Here at Grid we spend a lot of time reading what the Internet has to say about business. Or, as journalists like to call it, “working.” Every Friday, we let you benefit from our diligence by collecting the most interesting and entertaining stuff we’ve encountered this week.
Can Stanford invest in the minds — and companies — of its students?

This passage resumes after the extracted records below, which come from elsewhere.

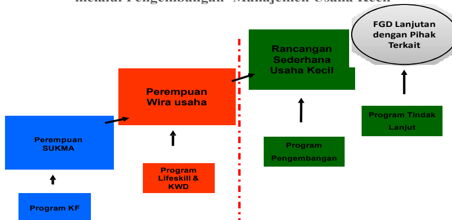
Gambar 2. Tahapan Pendampingan dan Pembinaan melalui Pengembangan Manajemen Usaha Kecil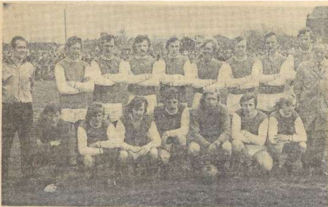
De formatie van Grol die beslag legde op de titel en de daaraan verbonden promotie naar de derde klasse.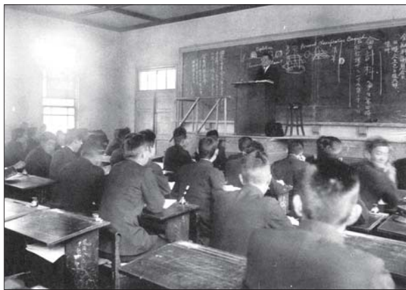
▲ 神戸高等商業学校の「経営学」講義風景 日本初の「経営学」講義が1926(大正15)年に開講、平井泰太郎教授が担当した。1926(大正15)年頃

100年前の大正時代にさかのぼり、当時の神戸大学の諸相について、貴重な歴史資料や写真などで振り返ります。皆様のご来場をお待ちしております。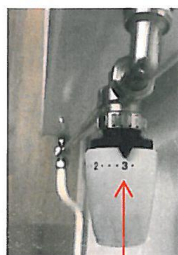
ca 20 grader

Skalan på termostaten ger ungefärlig rumstemperatur: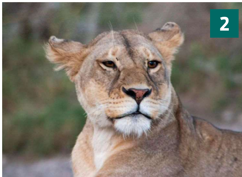
Serengeti er en af de bedste parker i verden at se vilde løver.

Ligesom i Masai Mara er her en meget stor koncentration af rovdyr. Inde i Serengeti tilbydes overnatning i lige fra luksushytter til simple campingpladser. Til manges overraskelse er de fleste campingpladser ikke indhegnede.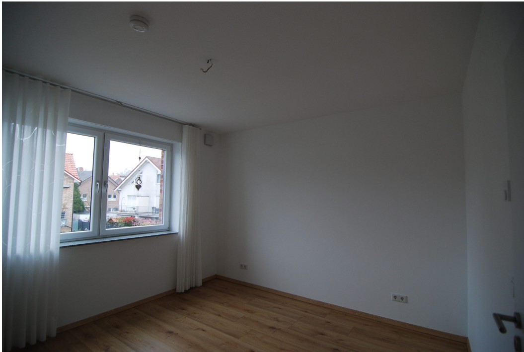
Perlsteinring47 10Grechts Elternschlafzimmer3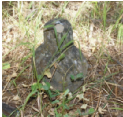
Foto 1.2.4. İçpınar Köyü Köy Dışındaki Mezarlıkta V No.lu Mezar

Bu mezarın sadece şahide taşının baş kısmı bulunmaktadır. Diğer birimleri tamamen kaybolmuştur. Şahide taşı sarıklı kavuklu 5 şeklinde olup bu tür kavukların Osmanlı'da devlet erkânına ait olduğu 6 ve kâtibi kavuk olarak da adlandırıldığı bilinmektedir. Daha çok 18 ve 19. yüzyılda görülmektedir. Mezarlıkta çok sayıda bu tür başlık bulunmaktadır. Ancak birçoğu mezarın bulunduğu yerde olmayıp kırılmış ve çevreye dağılmış vaziyettedir. Şahide başı taşırılmış bir sarık ile kavuğu dolanmaktadır. Kavuk düz yivli çizgilere sahiptir. Düz yivli kavuk kısmı mezarlıktaki benzerleri gibi yüksek tutulmuştur.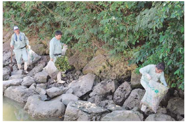
▶ 比屋根湿地の岩場を清掃する参加者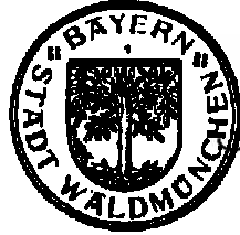
Ackermann Erster Bürgermeister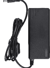
Fonte de alimentação 12V DC 2,6A 1000mm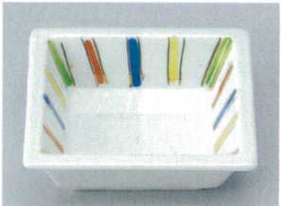
110-04-1K3 1,250円 1917088026 色十草角鉢 (11.4×11.4×3.5H)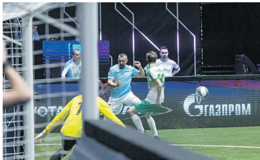
Спортсмены впечатлили болельщиков яркими эмоциями во время матча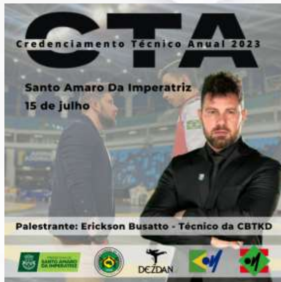
Figura 1: cartaz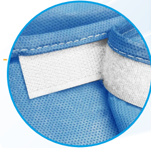
Cierre en cuello mediante velcro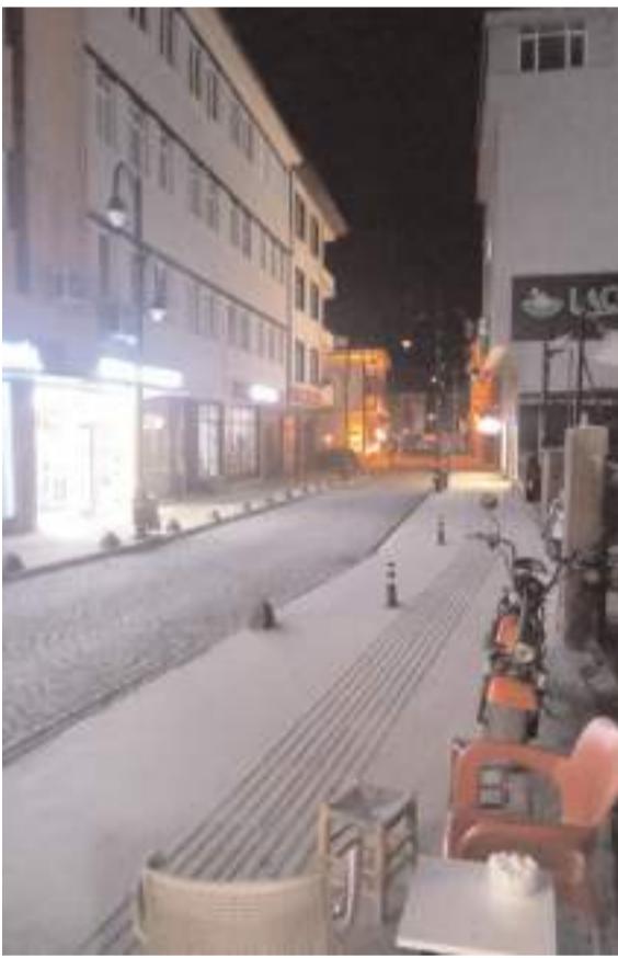
Tarihi Kültür Yolu'nda yaklaşık 1,5 aydır aydınlatma sorunu yaşıyor.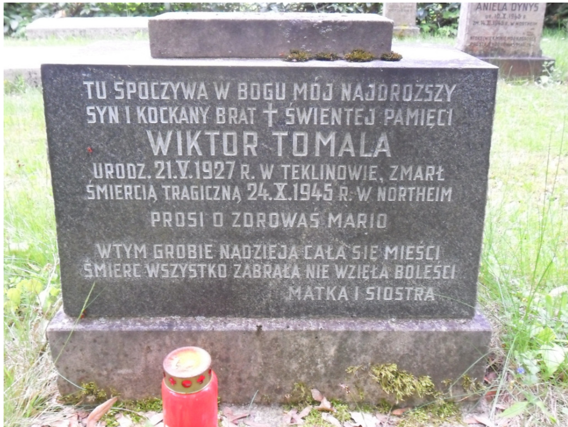
Grabfeld 6b Friedhof Northeim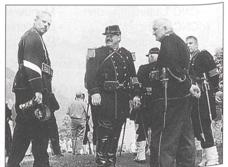
In der Ehrenkompanie des SUOV und des SAM stehen Vertreter der beiden jungen Generationen neben Aktivdienstveteranen.

Beteiligt an der Organisation des «Rütlifeuer 99» waren folgende Organisationen: Aktion Aktivdienst (AA), Arbeitskreis gelebte Geschichte (AGG), Gesellschaft für freiheitliches Waffenrecht (Pro Tell), Schweizerische Offiziersgesellschaft (SOG), Schweizerischer Unteroffiziersverband (SUOV), Veteranenvereinigung des SUOV, Schweizerischer Feldweibelverband (SFwV), Schweizerischer Fourierverband (SFV), Schweizerische Gesellschaft für Historische Waffen- und Rüstungskunde (SGHWR), Schweizerische Gesellschaft für militärhistorische Studienreisen (GMS), Schweizerische Vereinigung für Freiheit, Demokratie und Menschenwürde «Pro Libertate», Stiftung «Pro Tell», Verein Schweizer Armeemuseum (VSAM), Verband Schweizerischer Schützenveteranen, Zeitschrift «Schweizer Soldat». PC-Konto für Spenden: 30-757003-2/Rütlifeuer 99

What’s the point of being a starting point for close to 40,000 companies if there’s no fat return down the line? After years of seeing VC firms make bank on businesses Stanford nurtured in infancy, the university is launching a program to invest in a select few student companies. Now they just have to figure out if it’s at all ethical. Sarah Collins
The world’s oldest profession falls on hard times
When people say the Internet disrupts everything, they mean everything. The number of brothels in Nevada has dropped by half in the last 30 years, and Bloomberg thinks it has a lot to do with the flowering of the online escort industry. Other hypotheses: rising fuel prices, which leave truckers with less change in their pockets, and a Nevada housing market that remains on the ropes. Matt Present
Elsewhere in Nevada: Vegas has what Chicago needs
Chicago earns praise for its diverse economy, especially as it staves off industrial collapse à la Detroit. But specialization, some say, is what can set a city apart. If London has finance, San Fran has tech and even little Vegas has gambling, what is Chicago’s real strength? The Midwesterner mulls what it means to be global. Sara White
Could simple things like stretching, smiling and sitting up actually make you work better?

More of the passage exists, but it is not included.